Collection entries:
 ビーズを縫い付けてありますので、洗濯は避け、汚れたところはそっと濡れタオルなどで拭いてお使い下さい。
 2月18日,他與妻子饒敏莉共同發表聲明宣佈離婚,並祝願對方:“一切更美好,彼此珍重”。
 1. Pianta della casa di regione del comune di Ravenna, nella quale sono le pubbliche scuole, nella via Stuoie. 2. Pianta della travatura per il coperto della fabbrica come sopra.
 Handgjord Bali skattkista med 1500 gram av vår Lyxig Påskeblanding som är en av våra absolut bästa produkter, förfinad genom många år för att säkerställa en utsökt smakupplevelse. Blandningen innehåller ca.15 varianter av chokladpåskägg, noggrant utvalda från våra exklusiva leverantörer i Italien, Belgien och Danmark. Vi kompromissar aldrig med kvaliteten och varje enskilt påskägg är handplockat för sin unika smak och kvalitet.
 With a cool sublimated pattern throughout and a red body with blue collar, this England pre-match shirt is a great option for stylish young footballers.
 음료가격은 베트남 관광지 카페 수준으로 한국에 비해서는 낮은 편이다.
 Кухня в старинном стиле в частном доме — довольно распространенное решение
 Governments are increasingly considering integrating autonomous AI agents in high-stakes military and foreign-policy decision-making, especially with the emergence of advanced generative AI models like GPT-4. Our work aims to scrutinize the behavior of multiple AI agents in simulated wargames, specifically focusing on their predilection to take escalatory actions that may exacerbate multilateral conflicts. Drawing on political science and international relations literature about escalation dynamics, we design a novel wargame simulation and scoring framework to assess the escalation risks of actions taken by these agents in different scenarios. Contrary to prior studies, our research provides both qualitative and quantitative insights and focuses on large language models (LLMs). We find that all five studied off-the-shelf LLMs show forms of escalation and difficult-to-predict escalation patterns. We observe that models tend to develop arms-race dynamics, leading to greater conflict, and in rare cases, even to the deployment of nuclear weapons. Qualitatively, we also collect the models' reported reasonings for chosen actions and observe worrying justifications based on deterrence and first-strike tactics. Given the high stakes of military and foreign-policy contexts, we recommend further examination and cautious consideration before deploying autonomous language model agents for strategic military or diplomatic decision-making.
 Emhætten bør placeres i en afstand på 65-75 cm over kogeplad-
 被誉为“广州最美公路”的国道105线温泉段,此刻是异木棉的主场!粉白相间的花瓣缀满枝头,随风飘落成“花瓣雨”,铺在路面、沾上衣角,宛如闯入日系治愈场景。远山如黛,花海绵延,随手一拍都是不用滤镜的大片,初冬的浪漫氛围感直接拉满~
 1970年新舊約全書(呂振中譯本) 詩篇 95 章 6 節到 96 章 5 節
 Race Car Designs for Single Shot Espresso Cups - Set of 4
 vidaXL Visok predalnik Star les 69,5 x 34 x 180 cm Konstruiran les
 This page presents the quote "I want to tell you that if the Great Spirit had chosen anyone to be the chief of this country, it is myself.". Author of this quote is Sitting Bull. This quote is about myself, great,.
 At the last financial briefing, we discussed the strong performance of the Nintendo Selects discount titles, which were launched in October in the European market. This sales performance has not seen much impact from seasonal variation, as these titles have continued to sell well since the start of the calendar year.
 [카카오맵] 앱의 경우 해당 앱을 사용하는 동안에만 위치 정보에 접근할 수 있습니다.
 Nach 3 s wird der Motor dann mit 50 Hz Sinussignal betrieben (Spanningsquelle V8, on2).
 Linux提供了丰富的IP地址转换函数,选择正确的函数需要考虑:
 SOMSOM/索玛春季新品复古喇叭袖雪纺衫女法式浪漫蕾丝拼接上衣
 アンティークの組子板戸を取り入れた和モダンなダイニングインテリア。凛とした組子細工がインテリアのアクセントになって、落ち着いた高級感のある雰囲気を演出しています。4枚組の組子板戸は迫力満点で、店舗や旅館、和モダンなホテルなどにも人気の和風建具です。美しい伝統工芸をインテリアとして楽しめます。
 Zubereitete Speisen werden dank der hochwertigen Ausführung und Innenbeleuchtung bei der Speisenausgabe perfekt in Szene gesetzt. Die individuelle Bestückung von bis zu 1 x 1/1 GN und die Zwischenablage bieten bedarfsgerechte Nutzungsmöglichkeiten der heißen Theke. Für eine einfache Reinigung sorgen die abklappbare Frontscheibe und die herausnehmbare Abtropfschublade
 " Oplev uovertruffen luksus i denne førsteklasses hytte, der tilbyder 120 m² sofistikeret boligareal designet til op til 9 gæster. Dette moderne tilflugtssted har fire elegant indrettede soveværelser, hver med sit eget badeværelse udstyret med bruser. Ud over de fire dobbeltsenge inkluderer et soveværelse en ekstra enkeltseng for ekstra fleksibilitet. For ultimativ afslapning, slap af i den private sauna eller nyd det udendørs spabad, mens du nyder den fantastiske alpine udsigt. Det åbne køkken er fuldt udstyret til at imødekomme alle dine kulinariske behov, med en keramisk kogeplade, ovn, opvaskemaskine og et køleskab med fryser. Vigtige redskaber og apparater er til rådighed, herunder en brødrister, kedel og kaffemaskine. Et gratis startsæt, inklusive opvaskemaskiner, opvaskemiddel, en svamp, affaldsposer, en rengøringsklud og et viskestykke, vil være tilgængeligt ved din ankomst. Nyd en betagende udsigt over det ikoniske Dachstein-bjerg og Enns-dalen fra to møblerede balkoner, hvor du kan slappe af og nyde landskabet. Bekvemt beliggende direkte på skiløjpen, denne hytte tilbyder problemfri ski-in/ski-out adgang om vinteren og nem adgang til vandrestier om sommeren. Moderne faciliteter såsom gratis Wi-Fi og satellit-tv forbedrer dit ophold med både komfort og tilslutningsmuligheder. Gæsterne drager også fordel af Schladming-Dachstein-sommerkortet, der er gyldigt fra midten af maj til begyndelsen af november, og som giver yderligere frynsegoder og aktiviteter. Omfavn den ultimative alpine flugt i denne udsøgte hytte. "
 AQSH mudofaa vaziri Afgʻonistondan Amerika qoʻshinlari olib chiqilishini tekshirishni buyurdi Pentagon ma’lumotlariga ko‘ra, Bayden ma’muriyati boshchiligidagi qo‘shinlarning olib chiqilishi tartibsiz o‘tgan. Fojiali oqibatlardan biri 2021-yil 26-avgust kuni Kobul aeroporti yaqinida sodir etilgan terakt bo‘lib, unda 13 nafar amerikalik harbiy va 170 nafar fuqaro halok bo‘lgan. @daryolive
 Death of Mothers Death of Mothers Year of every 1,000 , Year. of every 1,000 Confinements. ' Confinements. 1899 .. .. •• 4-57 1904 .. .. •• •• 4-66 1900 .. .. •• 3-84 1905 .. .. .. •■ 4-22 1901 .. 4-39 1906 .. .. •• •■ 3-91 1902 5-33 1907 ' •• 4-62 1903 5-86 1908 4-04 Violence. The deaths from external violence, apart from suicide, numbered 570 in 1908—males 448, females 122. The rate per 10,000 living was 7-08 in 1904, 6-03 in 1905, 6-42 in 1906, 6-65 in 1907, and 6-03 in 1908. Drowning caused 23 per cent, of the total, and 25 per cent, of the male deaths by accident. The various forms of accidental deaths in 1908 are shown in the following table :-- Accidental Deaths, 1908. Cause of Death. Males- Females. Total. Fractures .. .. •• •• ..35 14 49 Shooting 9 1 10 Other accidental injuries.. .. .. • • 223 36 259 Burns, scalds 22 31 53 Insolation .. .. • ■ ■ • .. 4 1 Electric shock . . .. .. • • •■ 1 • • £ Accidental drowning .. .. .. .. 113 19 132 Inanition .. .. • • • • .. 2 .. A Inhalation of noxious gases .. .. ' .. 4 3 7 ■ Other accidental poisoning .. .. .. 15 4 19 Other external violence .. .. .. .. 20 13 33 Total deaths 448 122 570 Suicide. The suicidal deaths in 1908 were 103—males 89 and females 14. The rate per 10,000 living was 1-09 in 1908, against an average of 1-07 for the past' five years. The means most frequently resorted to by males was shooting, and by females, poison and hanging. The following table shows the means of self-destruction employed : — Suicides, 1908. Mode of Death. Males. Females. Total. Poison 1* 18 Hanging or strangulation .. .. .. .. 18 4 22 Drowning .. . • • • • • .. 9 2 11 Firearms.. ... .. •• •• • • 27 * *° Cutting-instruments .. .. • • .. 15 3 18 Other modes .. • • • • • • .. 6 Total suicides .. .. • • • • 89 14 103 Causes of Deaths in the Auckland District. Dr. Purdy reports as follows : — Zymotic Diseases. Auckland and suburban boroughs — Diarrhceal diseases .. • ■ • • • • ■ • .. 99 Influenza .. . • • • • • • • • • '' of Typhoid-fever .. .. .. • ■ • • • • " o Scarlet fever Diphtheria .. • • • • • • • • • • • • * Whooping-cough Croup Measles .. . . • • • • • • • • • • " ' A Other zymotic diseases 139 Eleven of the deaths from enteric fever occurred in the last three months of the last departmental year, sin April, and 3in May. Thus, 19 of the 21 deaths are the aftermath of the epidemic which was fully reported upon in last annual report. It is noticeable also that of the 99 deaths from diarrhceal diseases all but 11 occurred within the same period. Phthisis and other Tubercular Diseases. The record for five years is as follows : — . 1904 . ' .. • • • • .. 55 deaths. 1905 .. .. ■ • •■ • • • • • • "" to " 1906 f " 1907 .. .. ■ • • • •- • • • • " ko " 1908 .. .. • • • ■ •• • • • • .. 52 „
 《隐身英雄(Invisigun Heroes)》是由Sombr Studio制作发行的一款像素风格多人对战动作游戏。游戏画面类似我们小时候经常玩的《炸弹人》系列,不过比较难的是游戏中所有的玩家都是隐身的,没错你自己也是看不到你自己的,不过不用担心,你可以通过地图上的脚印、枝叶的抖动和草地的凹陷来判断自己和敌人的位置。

*Task description*
Please, from the entries above, set down exactly the lines from the one containing "At the last" through the one containing "アンティークの組子板戸を取り", and only those.

*Reply*
 At the last financial briefing, we discussed the strong performance of the Nintendo Selects discount titles, which were launched in October in the European market. This sales performance has not seen much impact from seasonal variation, as these titles have continued to sell well since the start of the calendar year.
 [카카오맵] 앱의 경우 해당 앱을 사용하는 동안에만 위치 정보에 접근할 수 있습니다.
 Nach 3 s wird der Motor dann mit 50 Hz Sinussignal betrieben (Spanningsquelle V8, on2).
 Linux提供了丰富的IP地址转换函数,选择正确的函数需要考虑:
 SOMSOM/索玛春季新品复古喇叭袖雪纺衫女法式浪漫蕾丝拼接上衣
 アンティークの組子板戸を取り入れた和モダンなダイニングインテリア。凛とした組子細工がインテリアのアクセントになって、落ち着いた高級感のある雰囲気を演出しています。4枚組の組子板戸は迫力満点で、店舗や旅館、和モダンなホテルなどにも人気の和風建具です。美しい伝統工芸をインテリアとして楽しめます。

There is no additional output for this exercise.